(CNN) -- Walk into Lisa Nasser's kitchen most evenings and you're greeted by rich aromas that indicate an exceptional cook is at work on a delicious creation.
Colleen Doyle, editor of the "What to Eat During Cancer Treatment" cookbook, prepares tuna-bean salad.
Cooking is Nasser's passion, but she left the kitchen and the cooking to others for six months in 2006 when she, like her mother before her, learned she had breast cancer. Numerous rounds of chemotherapy left her spent. "I didn't have the energy to go shopping, bring in the food, prepare the food. I needed to rest, to sleep," she recalls.
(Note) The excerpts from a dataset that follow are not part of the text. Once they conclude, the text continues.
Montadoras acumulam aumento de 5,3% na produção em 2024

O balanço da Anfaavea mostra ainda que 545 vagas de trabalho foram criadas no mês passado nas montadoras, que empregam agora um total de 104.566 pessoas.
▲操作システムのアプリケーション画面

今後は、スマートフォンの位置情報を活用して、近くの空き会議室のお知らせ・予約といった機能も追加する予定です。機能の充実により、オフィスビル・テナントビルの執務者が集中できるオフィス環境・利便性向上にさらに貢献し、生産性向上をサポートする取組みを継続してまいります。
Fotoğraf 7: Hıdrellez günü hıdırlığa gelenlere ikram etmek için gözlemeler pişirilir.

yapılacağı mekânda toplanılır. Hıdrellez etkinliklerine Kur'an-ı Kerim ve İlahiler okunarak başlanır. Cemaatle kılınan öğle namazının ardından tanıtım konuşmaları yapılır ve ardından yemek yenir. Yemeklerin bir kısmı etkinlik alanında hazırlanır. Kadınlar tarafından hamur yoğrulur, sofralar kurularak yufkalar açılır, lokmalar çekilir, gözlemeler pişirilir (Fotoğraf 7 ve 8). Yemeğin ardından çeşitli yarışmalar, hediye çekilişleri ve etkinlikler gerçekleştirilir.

Nasser's experience isn't unique. According to the American Cancer Society, more than a million Americans will undergo cancer treatment this year. For cancer patients, nutrition is especially important, but many find that they are too tired to cook, or the food tastes bad, or they are too nauseated to eat, or they have painful mouth sores -- or all of the above.
To coincide with National Breast Cancer Awareness month in October, the American Cancer Society has released a cookbook called "What to Eat During Cancer Treatment."
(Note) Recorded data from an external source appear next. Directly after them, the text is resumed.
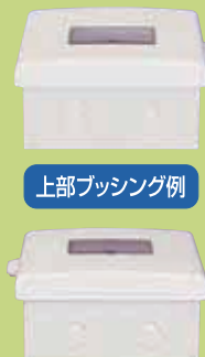
上部ブッシング例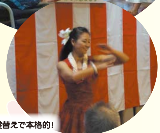
1曲1曲衣裳替えて本格的!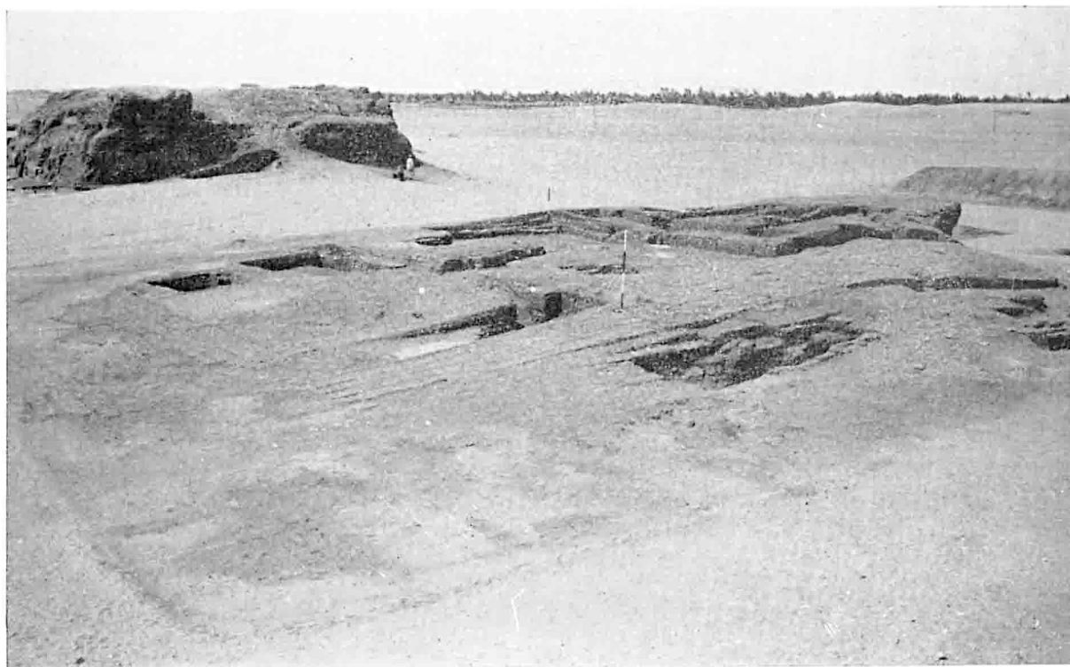
B. — Balat : Ensemble du Mastaba M.V vu du nord-est vers le sud-ouest (§ 640). Dans le fond, en haut à gauche, superstructure du Mastaba M.IV.

N.B. : Le Mastaba M.I se trouve hors du cliché un peu à gauche et en haut de la bordure gauche de ce dernier; le Mastaba M.V est situé plus à gauche que ne l'indique le trait de situation.

Colleen Doyle, registered dietitian and editor of the cookbook, says the book is full of recipes and eating strategies that patients with all types of cancer can adopt to help deal with the unpleasant side effects of treatment. Chemotherapy, radiation and drug therapies often leave patients with nausea, diarrhea, constipation, mouth sores, taste alterations and unintentional weight loss.
"One of the things we did was organize recipes by the symptoms that they might be experiencing," Doyle says. "A lot of cancer patients going through chemo -- no surprise -- feel nauseous around those times when they are getting chemo. And so we talk to them about eating foods that are kind of bland; think about avoiding really spicy foods, any kind of Mexican foods, things with lots of flavors, things with lots of herbs and spices." See recipe samples from the cookbook »
That certainly was the case with Nasser. "I wanted pasta or rice dishes, anything that was bland," she says.
Doyle says it's also helpful to eat small frequent meals when battling nausea and to recognize that for some, the odor of cooking foods can be unsettling for the stomach. "If you have somebody who cooks meals for you, it might be helpful for you to be in a totally different part of the house when they're cooking if you're going through a period where the smell of food really bothers you," says Doyle.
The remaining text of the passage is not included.